Work item: With pictures left out, output exactly the lines of the listing below from the line that has "Ultimamente tenho usado, de" to the line that has "丁度足場が解体されている現場もあれば", both lines kept.

Records to use:
*** Begin section ***

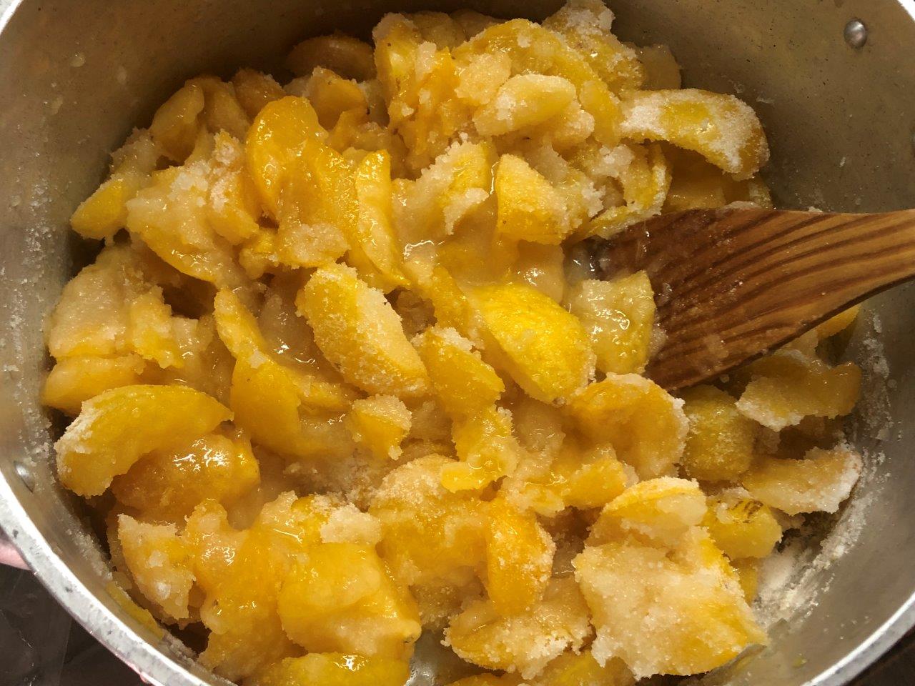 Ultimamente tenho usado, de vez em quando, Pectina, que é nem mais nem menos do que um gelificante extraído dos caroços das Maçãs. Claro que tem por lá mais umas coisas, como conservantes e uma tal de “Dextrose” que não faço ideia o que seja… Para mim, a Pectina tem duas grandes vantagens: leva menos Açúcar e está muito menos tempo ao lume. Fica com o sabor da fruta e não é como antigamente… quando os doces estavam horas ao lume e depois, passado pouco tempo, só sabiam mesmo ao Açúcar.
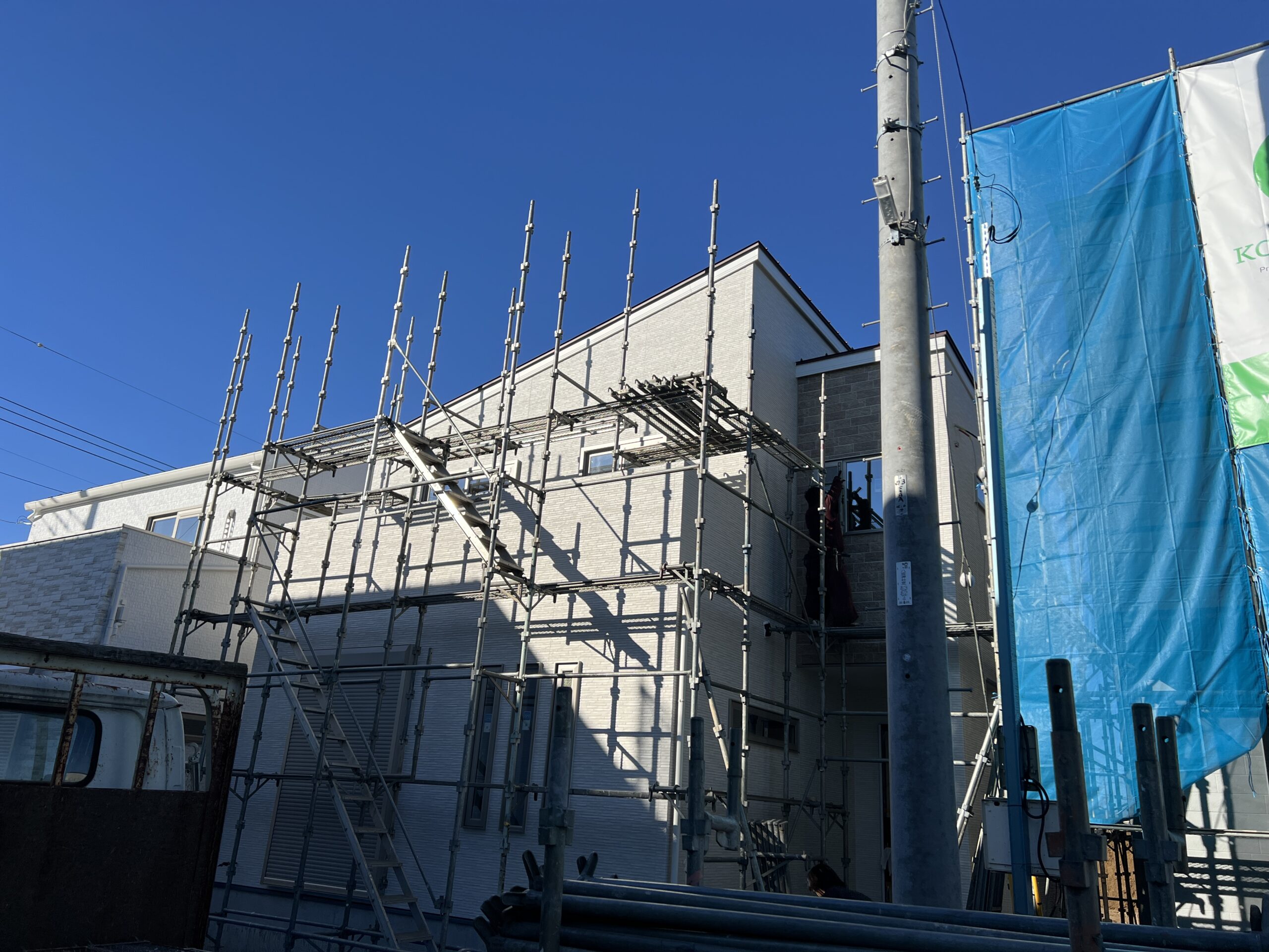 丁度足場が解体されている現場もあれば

*** End section ***
*** Begin section ***

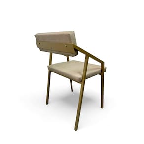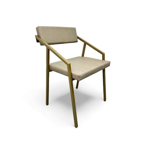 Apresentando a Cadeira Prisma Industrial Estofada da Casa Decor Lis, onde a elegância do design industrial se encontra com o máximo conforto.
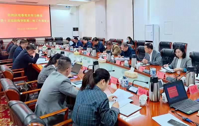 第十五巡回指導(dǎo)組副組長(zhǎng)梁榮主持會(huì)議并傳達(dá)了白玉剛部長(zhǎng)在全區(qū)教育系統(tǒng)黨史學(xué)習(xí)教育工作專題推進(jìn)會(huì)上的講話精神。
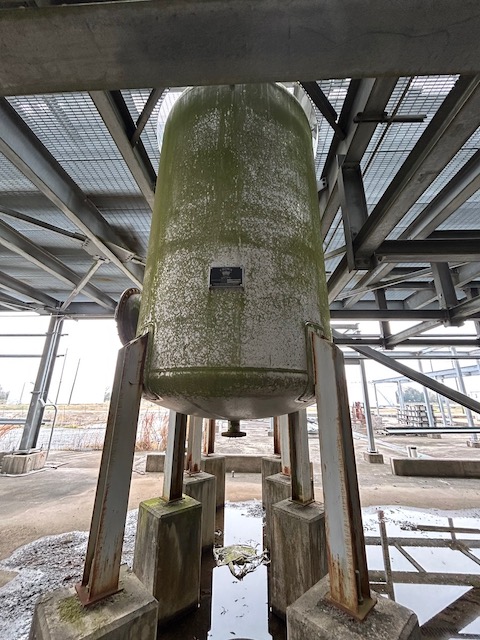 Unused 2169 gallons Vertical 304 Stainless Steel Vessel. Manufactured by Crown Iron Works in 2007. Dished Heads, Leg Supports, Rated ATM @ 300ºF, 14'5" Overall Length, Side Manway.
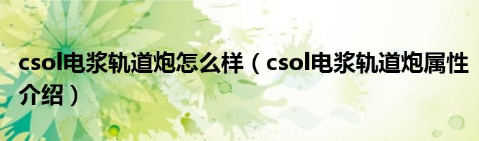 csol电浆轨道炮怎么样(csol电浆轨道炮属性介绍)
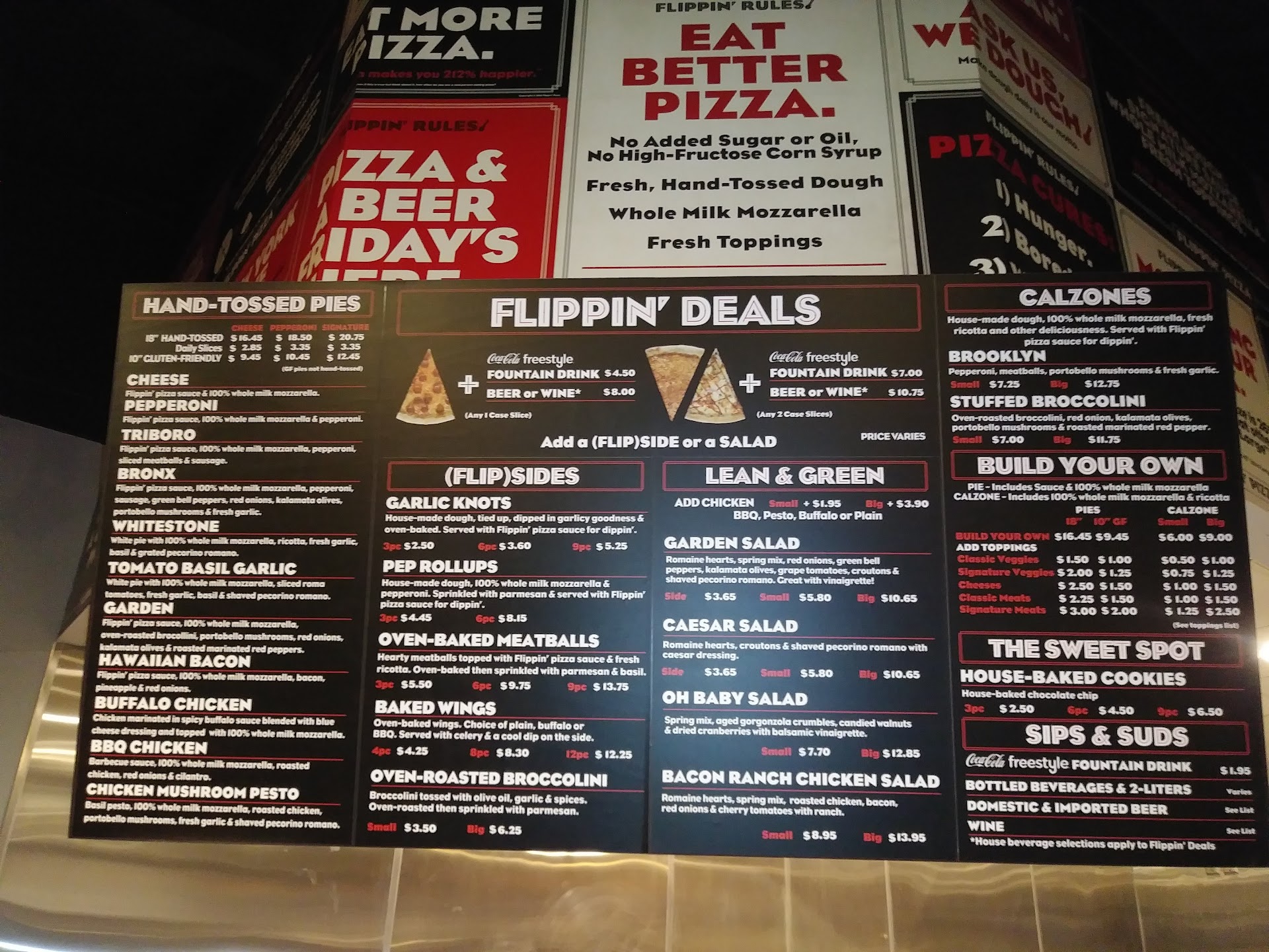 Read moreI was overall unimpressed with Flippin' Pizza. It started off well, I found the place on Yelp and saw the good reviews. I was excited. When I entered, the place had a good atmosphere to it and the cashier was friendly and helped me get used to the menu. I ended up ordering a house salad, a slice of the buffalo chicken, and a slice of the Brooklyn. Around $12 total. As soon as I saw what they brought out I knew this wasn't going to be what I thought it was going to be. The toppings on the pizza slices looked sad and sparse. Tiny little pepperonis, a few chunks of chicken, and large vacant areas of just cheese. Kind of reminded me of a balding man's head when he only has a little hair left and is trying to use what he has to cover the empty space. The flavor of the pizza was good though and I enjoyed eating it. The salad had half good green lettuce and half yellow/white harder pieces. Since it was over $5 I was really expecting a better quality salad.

*** End section ***

Response for this exercise:
 Ultimamente tenho usado, de vez em quando, Pectina, que é nem mais nem menos do que um gelificante extraído dos caroços das Maçãs. Claro que tem por lá mais umas coisas, como conservantes e uma tal de “Dextrose” que não faço ideia o que seja… Para mim, a Pectina tem duas grandes vantagens: leva menos Açúcar e está muito menos tempo ao lume. Fica com o sabor da fruta e não é como antigamente… quando os doces estavam horas ao lume e depois, passado pouco tempo, só sabiam mesmo ao Açúcar.
 丁度足場が解体されている現場もあれば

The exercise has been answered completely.